The current educational debate can be very frustrating. On the one hand, I find most ecstatic ”reformers” ignorant of what it means to be a teacher, arrogant about power of their ideas, oblivious to the unintended consequences of their inherently limited proposals, and uninterested in the way their proposals get implemented, even though this is perhaps the most important factor in the success of a reform. On the other hand, I find that “anti-reformers” have just found a corner of the internet to bemoan all changes, throwing out conspiracy theories about a corporate takeover of education that are rooted in nothing more than ad hominem attacks (they are funded by some businesses, therefore their school/teachers/leaders are advancing long-term business interests). Rick Hess discusses why it is such a shame that the this group has drifted so far from the direction of compromise: They have essentially removed themselves from the conversation by offering no substantive alternatives, leaving mainly the former group to influence policy in an often wrong-headed way. There are now very few respected people influencing policy who are open to some kinds of smarter accountability and choice while also demanding more public money for critical needs (like nutrition, early childhood education, after school activities, etc.).
For example, Diane Ravitch was part of an onslaught of criticism of the MATCH ed school, listing it as just another corporate/charter school program that devalues the teaching profession, without pausing to think that MATCH offers one of THE BEST criticisms of TFA: They offer a one year training and residency program that get’s teachers ready to excel on day one, not after a year of struggling. These are the debates we should be having! But unfortunately nobody is engaging in these debates. The reformers are either working on crafting such programs or think that all disruption is generally good, and the “anti-reformers” think that almost any change is a hostile takeover of our schools. Ugh.

Open your eyes. Are you saying the testing companies are not doing everything in their power to make testing more prominent and widespread? Are you saying the testing companies do not have a lot of power?
If they have a lot of power, and they are doing everything in their power to increase their profits, including lobbying politicians and getting their executives named to legislative consulting bodies like ALEC, these are facts, not conspiracy theories.
I don’t know why Gates promotes the testing companies’ interests, but Gates, Pearson, the Common Core, and the concept of evaluating teachers using children’s test scores are inextricably tied together in many verifiable ways.
If the reformers were less fanatical about their ideas, we would be able to engage with them in dialogue.
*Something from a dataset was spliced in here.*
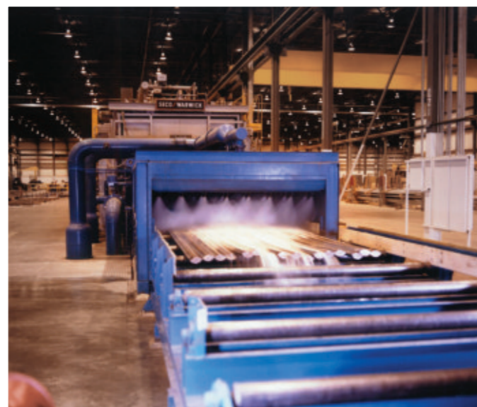
Solution Heat Treat Furnace with Spray Quenching for aluminum extrusions

As it is, it would be like talking to a mental patient or a religious fanatic. They don’t listen to opposing viewpoints. Case in point: http://blogs.edweek.org/teachers/living-in-dialogue/2012/08/the_gates_foundation_writes_ho.html
Vicki Phillips did not respond to the most important criticism that Anthony Cody made, which is that students’ test scores do not accurately measure a teacher’s work over the course of a year. Instead she made the straw man argument that anti-reformers do not want “student learning” to factor into evaluations. No one is saying that we do not want student learning as a factor.
The reformers deliberately twist a critic’s words to score PR points. They refuse to engage in true dialogue.